US 11,669,930 B2
Multicamera image processing
Kevin Jose Chavez, Woodside, CA (US); Yuan Gao, Mountain View, CA (US); Rohit Pidaparthi, Mountain View, CA (US); Talbot Morris-Downing, Menlo Park, CA (US); Harry Zhe Su, Union City, CA (US); and Samir Menon, Palo Alto, CA (US)
Assigned to Dexterity, Inc., Redwood City, CA (US)
Filed by Dexterity, Inc., Palo Alto, CA (US)
Filed on Oct. 29, 2019, as Appl. No. 16/667,661.
Application 16/667,661 is a continuation in part of application No. 16/380,859, filed on Apr. 10, 2019, granted, now 10,549,928.
Claims priority of provisional application 62/809,389, filed on Feb. 22, 2019.
Claims priority of provisional application 62/809,389, filed on Feb. 22, 2019.
Prior Publication US 2020/0273138 A1, Aug. 27, 2020
Int. Cl. G06T 1/00 (2006.01); G06T 1/20 (2006.01); G06T 7/174 (2017.01); G06T 7/593 (2017.01); G06T 7/90 (2017.01); H04N 13/204 (2018.01)

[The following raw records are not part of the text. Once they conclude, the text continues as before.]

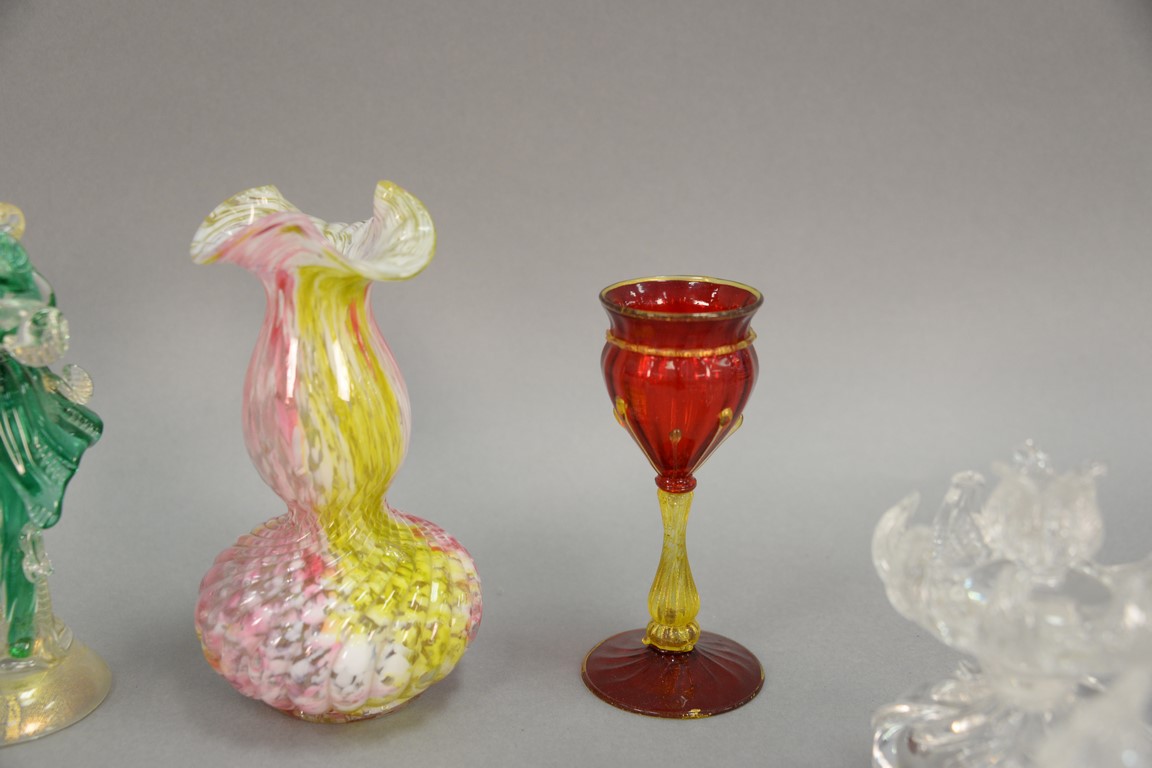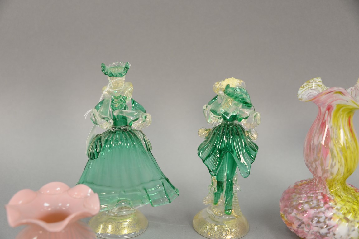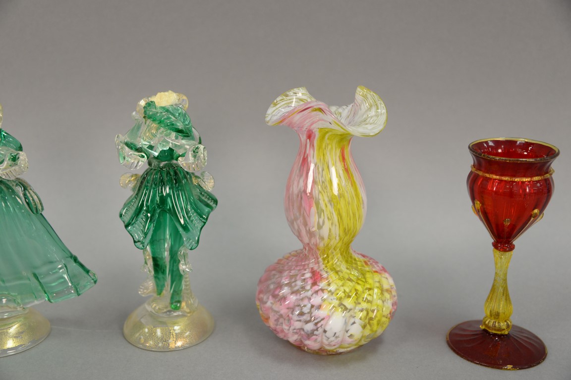Lot 31: Seven piece art glass group to include a pair of Venetian glass figures as is, Venetian glass stem, Murano Burmese bud vase, pair…
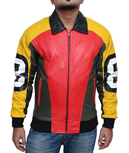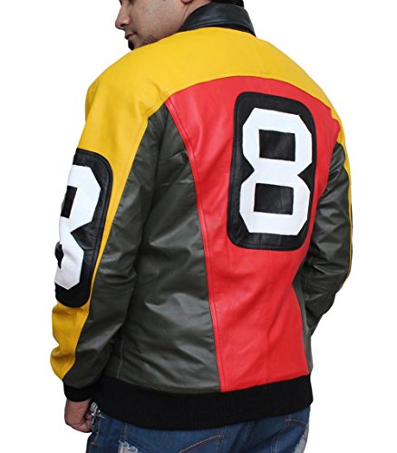 -. Binding : Apparel -. Brand : Decrum -. Department : mens -. Feature : Crafted from the best hide leather quality / Three colors are seen in this jacket, which are red, black and yellow / Outside provides zip slant waist pockets and extra two are made inside / Since it's of a bomber jacket, rib-knit feature are made on the waist line and on the cuffs / It has a shirt style collar and front zip closure has been made as well -. Model : 8475791 -. ProductGroup : Apparel -. ProductTypeName : OUTERWEAR -. Title : Louis Marco Men's 8 Ball Bomber Leather Jacket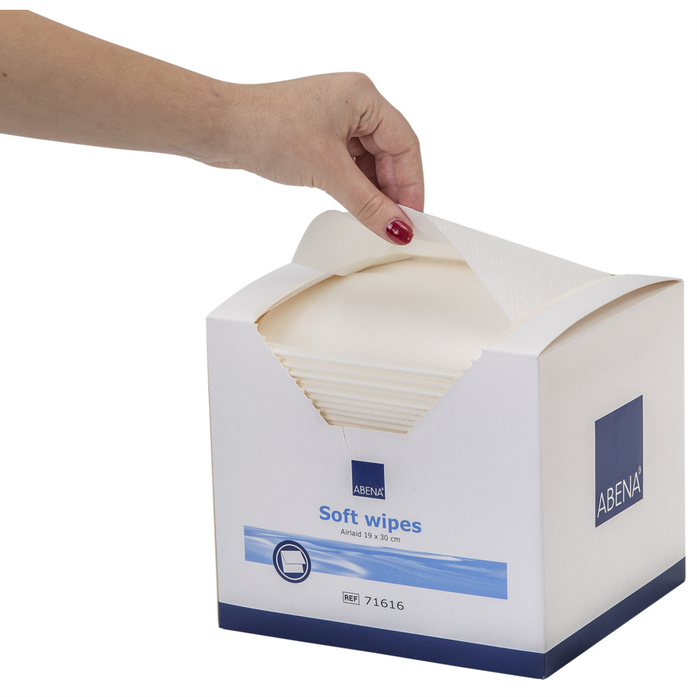Tvättlappar i airlaid-material för personlig hygien. Airlaid är extra mjukt och därför mycket lämpligt vid tvätt av patienter. Materialet är luftbehandlat för att vara extra mjukt och absorberande (6 gånger sin egen vikt) samtidigt som det har högre våtstyrka än vanligt papper. Kasta tvättlappen i papperskorgen efter användning. Produkten får endast användas utvärtes på kroppen. Undvik kontakt med ögonen.

CPC G06T 1/0014 (2013.01) [G06T 1/20 (2013.01); G06T 7/174 (2017.01); G06T 7/593 (2017.01); G06T 7/90 (2017.01); G06T 2207/10024 (2013.01); G06T 2207/10028 (2013.01); G06T 2207/20221 (2013.01); H04N 13/204 (2018.05)] 21 Claims
OG exemplary drawing
 
1. A system, comprising:
a communication interface configured to receive image data from each of a plurality of sensors associated with a workspace wherein the image data comprises for each sensor in the plurality of sensors one or both of visual image information and depth information, and the plurality of image sensors comprises a plurality of cameras; and
a processor coupled to the communication interface and configured to:
merge image data from the plurality of sensors to generate a merged point cloud data;
perform segmentation based on visual image data from a subset of the sensors in the plurality of sensors to generate a segmentation result, wherein:
the segmentation result is obtained based on performing segmentation using RGB data from a camera;
the segmentation result comprises a plurality of RGB pixels; and
a subset of the plurality of RGB pixels is identified based at least in part on determination that the corresponding RGB pixels are associated with an object boundary;
use one or both of the merged point cloud data and the segmentation result to generate a merged three dimensional and segmented view of the workspace, including by:
mapping RGB pixels identified in the segmentation result to corresponding depth pixels to obtain mapped depth pixel information;
using the segmentation result and the mapped depth pixel information to de-project to a point cloud with segmented shapes around points for each object;
for each of the plurality of cameras, labelling the point cloud generated by that camera for each object and computing a corresponding centroid; and
using nearest neighbor computations between centroids of corresponding object point clouds of the plurality of cameras to segment objects within the workspace; and
use one or both of the merged point cloud data and the segmentation result to determine a strategy to grasp an object present in the workspace using a robotic arm.